2 Deze feesten waren niet alleen gelegenheden tot vreugde en lichamelijke rust, doch waren in de eerste plaats gelegenheden tot religieuze en geestelijke opbouw. Het waren feesten van Jehovah, tot zijn lof en eer. Door middel van deze feesten onderwees Jehovah, de grote Koning en Wetgever, de Organisator van de natie, zijn volk in zijn goddelijke wil en voornemen, alsmede in vele fundamentele beginselen, en gaf hun de gelegenheid hun waardering en dankbaarheid jegens Jehovah voor zijn goedheid en barmhartigheid en voor alle zegeningen die hij gedurende het jaar had verschaft, tot uitdrukking te brengen. Bovendien, en dit is voor ons uitermate belangrijk, onderwijst Jehovah thans de christenen niet alleen in dezelfde beginselen, maar door middel van deze joodse feesten heeft hij ook vele profetieën gemaakt die in onze tijd in vervulling gaan. Met andere woorden, Jehovah heeft, met de mensen van een hele natie als acteurs, op het reusachtige toneel van het land Palestina, en speciaal van de stad Jeruzalem, taferelen voor het voetlicht gebracht, die „een schaduw . . . van de toekomstige goede dingen” zijn (Hebr. 10:1). Door de Israëlieten dus bij de viering van hun feesten gade te slaan, ontvangen wij thans onderricht over belangrijke dingen die in onze tijd zijn vervuld en worden ons bovendien vele lessen geleerd betreffende Jehovah’s wil, zijn voornemens en beginselen. Laten wij daarom nu op ons gemak gaan zitten en naar de spelers kijken terwijl zij de taferelen van elk van deze joodse feesten opvoeren.
DE SABBAT
3, 4. (a) Beschrijf een sabbatdag. (b) Waarom voelden de joden zich lichamelijk en geestelijk verkwikt door het houden van de sabbat?
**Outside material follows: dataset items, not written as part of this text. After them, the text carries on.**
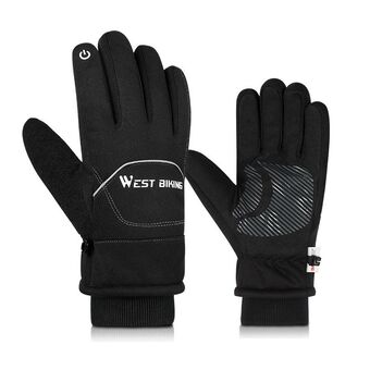 WEST BIKING YP0211221 Winter Warm Fleece Riding Gloves Non-Slip Waterproof Touch Screen Gloves, Size: M(Black) (WEST BIKING)
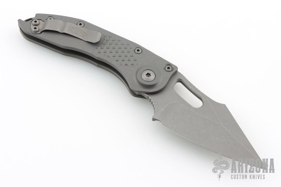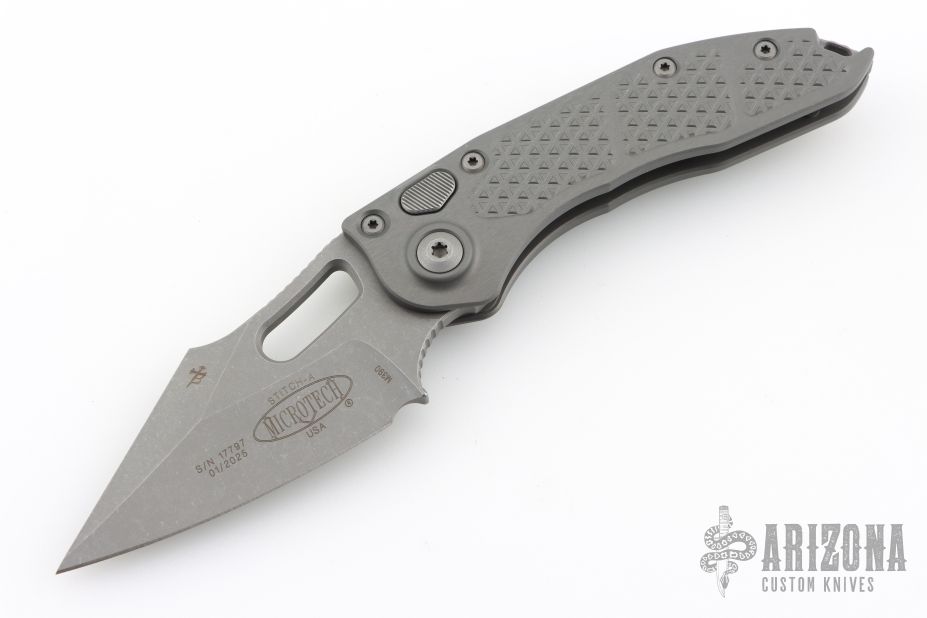 This Stitch Auto by Microtech Knives features an Apocalyptic finished blade and false top edge, notched thumb and finger rests. The handle has a "Natural Clear" milled aluminum handle with a bead blasted titanium backspacer and a bead blasted stainless steel clip, tip up carry, lanyard hole at the butt. Includes original box and papers.  S/N of 17797 and dated 01/2025. Excellent Condition.
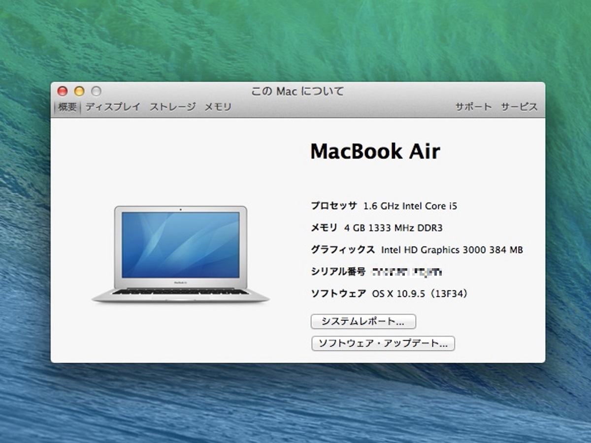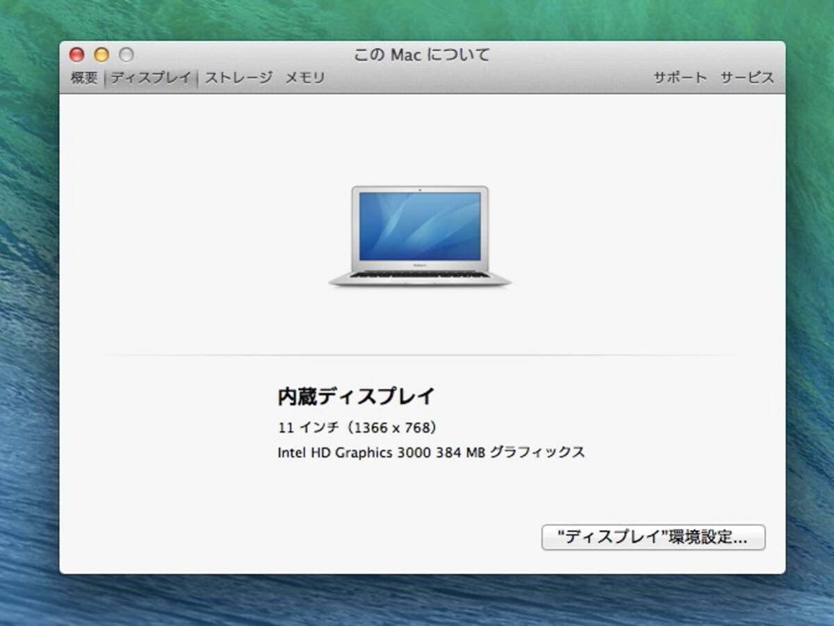 | Apple MacBook Air A1370 (11-inch,Mid2011)/Core i5 1.6GHz/4GBメモリ/SSD128GB/OS X Mavericks 10.9.5/バッテリーNG #1017 | ||
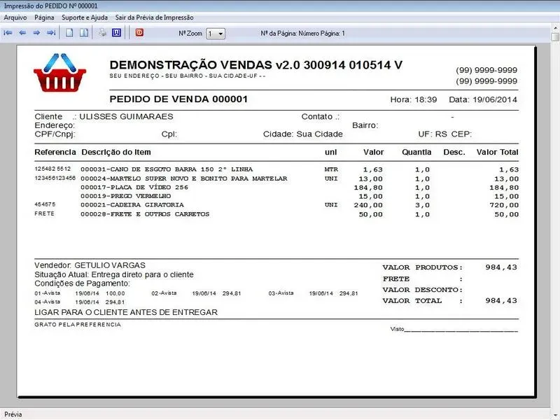 Programa Controle de Estoque e Pedido de vendas 2.0 é um software projetado para ajudar pequenas e médias empresas a gerenciar eficientemente o processo de vendas e financeiro, desde a geração de pedidos até o controle do estoque e relatórios. Nosso programa oferece uma variedade de recursos para facilitar várias etapas do ciclo de vendas e garantir que o estoque seja gerenciado de forma adequada.
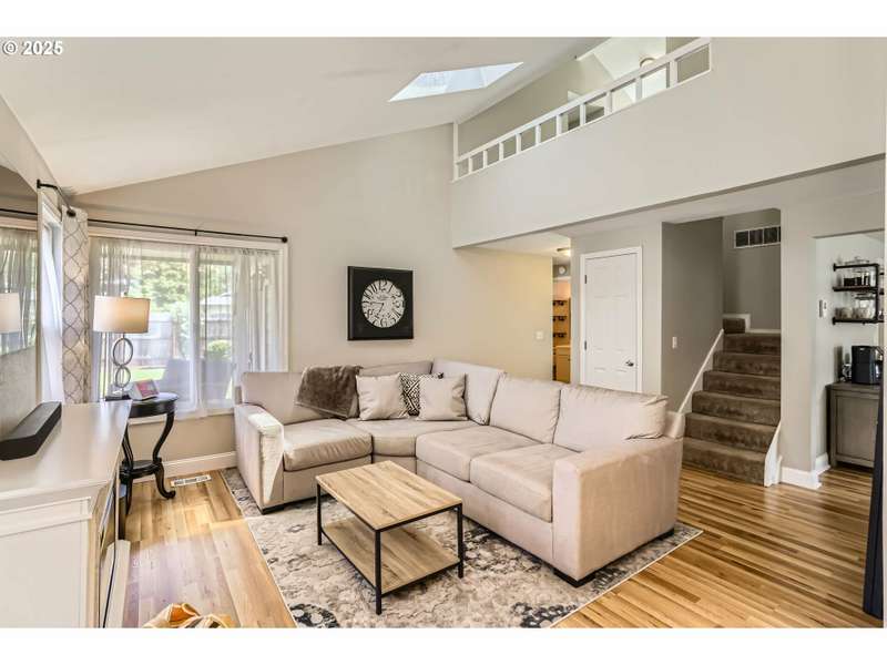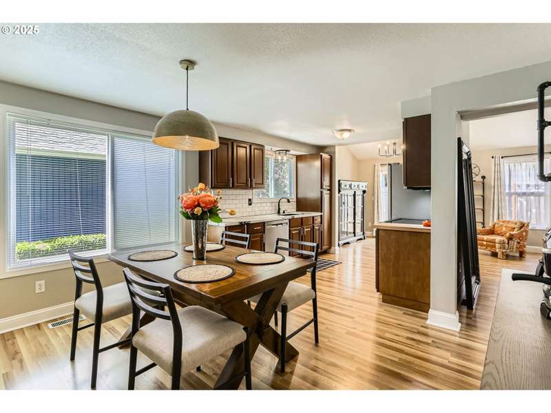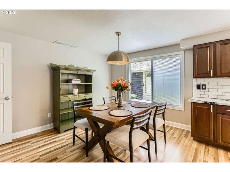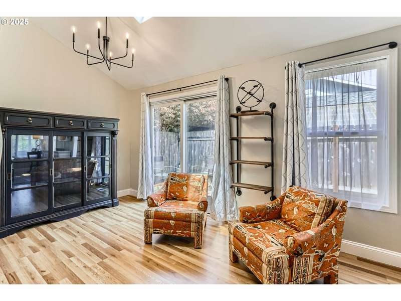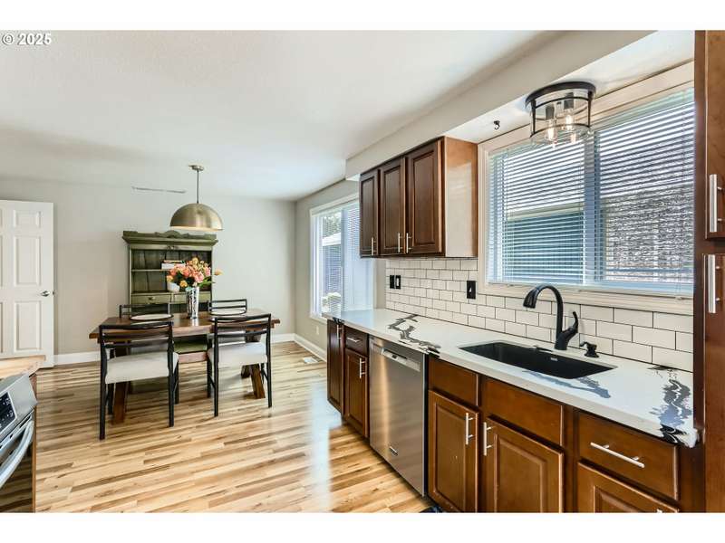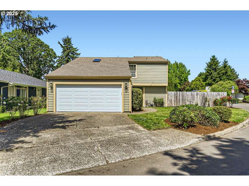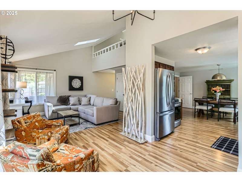 This lovely 4-bedroom, 2-bath home features a blend of comfort, style, and functionality. The beautifully updated kitchen includes stainless-steel appliances and new quartz countertops, perfect for everyday cooking and entertaining. New laminate flooring throughout the main level, complemented by luxury vinyl flooring in both bathrooms, bring easy maintenance and style to the main living areas. The 4th bedroom is located on the main floor and includes a sliding glass door leading directly to the backyard, offering flexible space to use as a home office, guest room, hobby area or other possible needs. Vaulted ceilings and skylights create an airy, sun-filled atmosphere throughout the home, keeping it light and bright. Enjoy a corner lot with a fenced backyard and covered patio. HOA includes its own community park and pool. It's also located just around the corner from Shadywood Park for more outdoor activities that include playground, picnic tables, and walking paths. Don’t miss this well-maintained gem in a fantastic neighborhood! [Home Energy Score = 4. HES Report at https://rpt.greenbuildingregistry.com/hes/OR10205069]
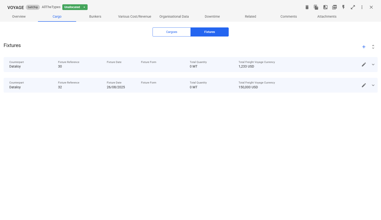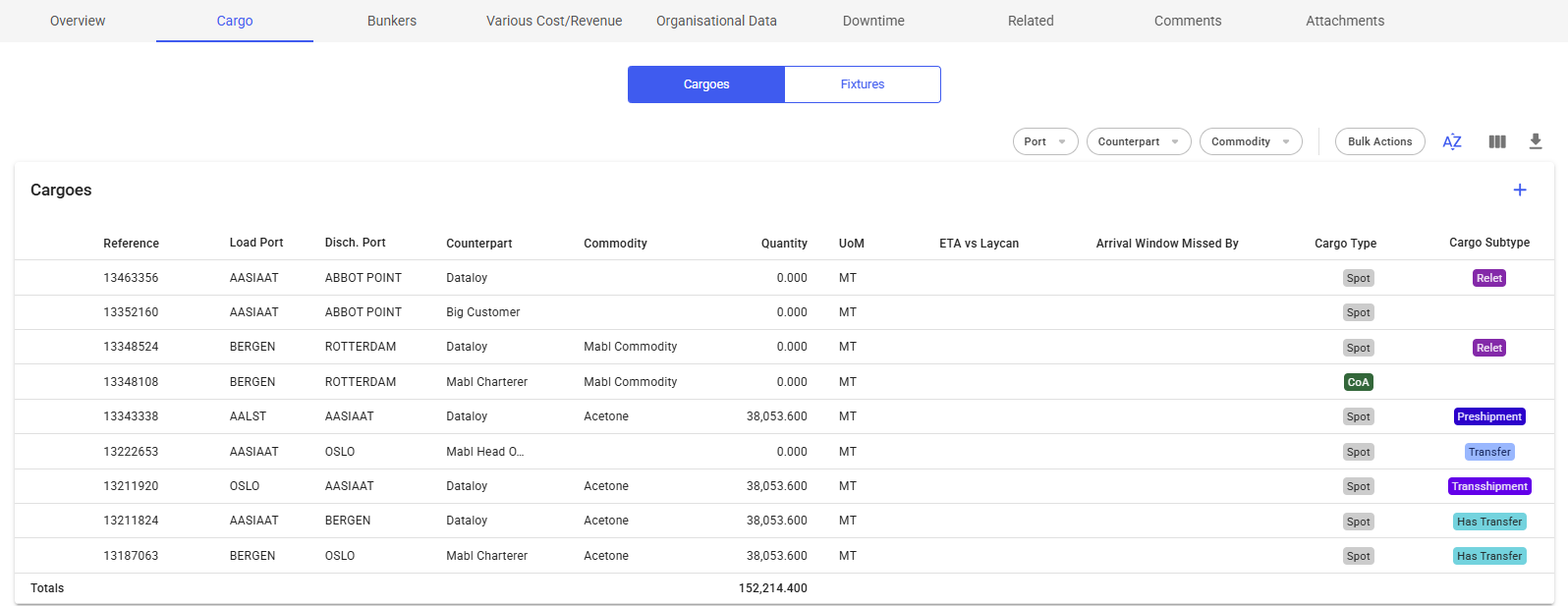 This tab shows a list of the cargoes and fixtures on the voyage.
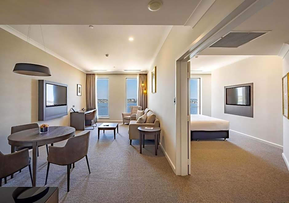 Overlooking the Swan River, this suite has one bedroom, separate living and dining areas, powder room, spa bath and separate shower. This room offers buffet breakfast, evening drinks and light tapas and complimentary mini bar, coffee machine, limousine transfers, fruit bowl, 4 pressed laundry.
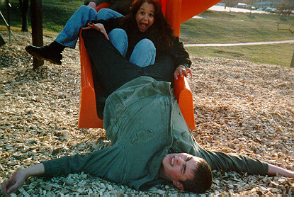Heres a picture of us sliding down a slide. Kenai even assumed a Jesus
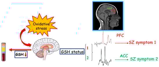 However, the contradictory results of GSH levels among studies (especially those using MRS) could be explained by a different vulnerability of the brain regions to oxidative damage. Accordingly, a different expression of glutathione in the diverse brain areas has been shown in mouse models, where a higher GSH expression may indicate a condition less prone to oxidative stress. Different human brain regions and subregions likely show different GSH expressions, and a GSH measurement conducted without distinguishing between the diverse areas may lose these differences. Thus, the initial baseline level of glutathione accounting for the propensity to an oxidative insult in the corresponding region should be considered. Furthermore, the oxidative damage could be explained by the glutamatergic hypothesis with a PV interneuron degeneration. All the circuitry affected by the interneuron damage may contribute to the specific SZ symptoms. Accordingly, Cabungcal et al. [97] showed that glutathione deficit induces the GABAergic interneuron degeneration in the ACC of an SZ rodent model system. A systematic investigation conducted to evaluate the possible association between ACC GSH levels and the different SZ symptoms, dissecting for example the different parts of ACC and anhedonia–asociality or avolition–apathy for the negative symptoms, would be a huge challenge. The MRS analysis coupled with GSH peripheral detection could allow for distinguishing between the different SZ states as long as they are conducted in precise brain areas relevant to functions correlated to specific signs (Figure 1).
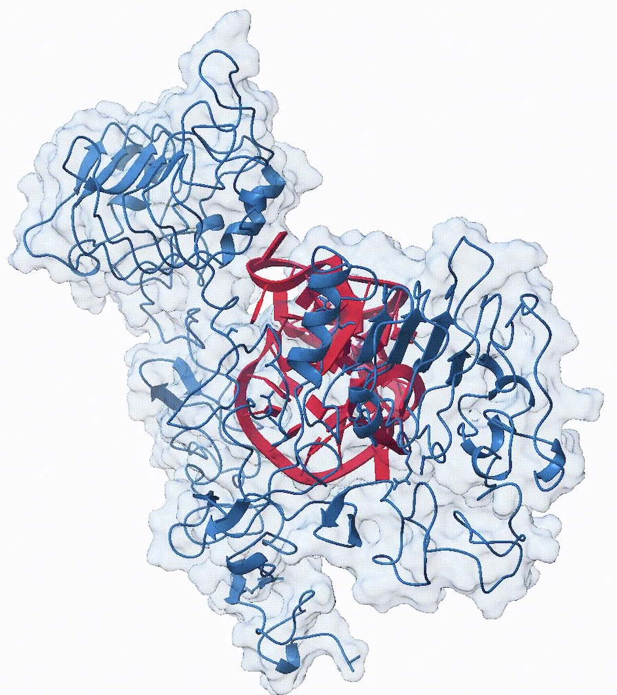 An RNA molecule (red) designed by RNA-X to bind EGFR protein (blue)

3 „Zes dagen mag arbeid verricht worden, maar op den zevenden dag zal er een volkomen sabbat zijn: een heilige samenkomst; generlei arbeid zult gij verrichten, het is een sabbat voor den HERE in al uw woonplaatsen” (Lev. 23:3). Kort na hun bevrijding uit de slavernij in Egypte ontvingen de Israëlieten op weg naar de berg Sinaï een sabbatvoorschrift. Dit kwam volledig tot uitdrukking in het vierde van de Tien Geboden (Ex. 20:8-11). De sabbatdag begon bij zonsondergang van de zesde dag en duurde tot zonsondergang van de zevende dag. In Jezus’ tijd kondigden op de zesde dag zes harde stoten op de trompet, drie omstreeks het negende uur (3 n.m.) en drie bij zonsondergang, het begin ervan aan. De sabbat was een dag van volkomen rust, zelfs voor slaven en beesten. Het was Jehovah’s dag, een dag die hij opzij had gezet voor het onderhouden van bepaalde dingen. Als zij het doel van de sabbat zouden begrijpen en de dag gehoorzaam in acht zouden nemen, zou dit werkelijke vreugde met zich brengen (Jes. 58:13, 14). Het opzettelijk schenden van de sabbat zou echter de doodstraf tot gevolg hebben.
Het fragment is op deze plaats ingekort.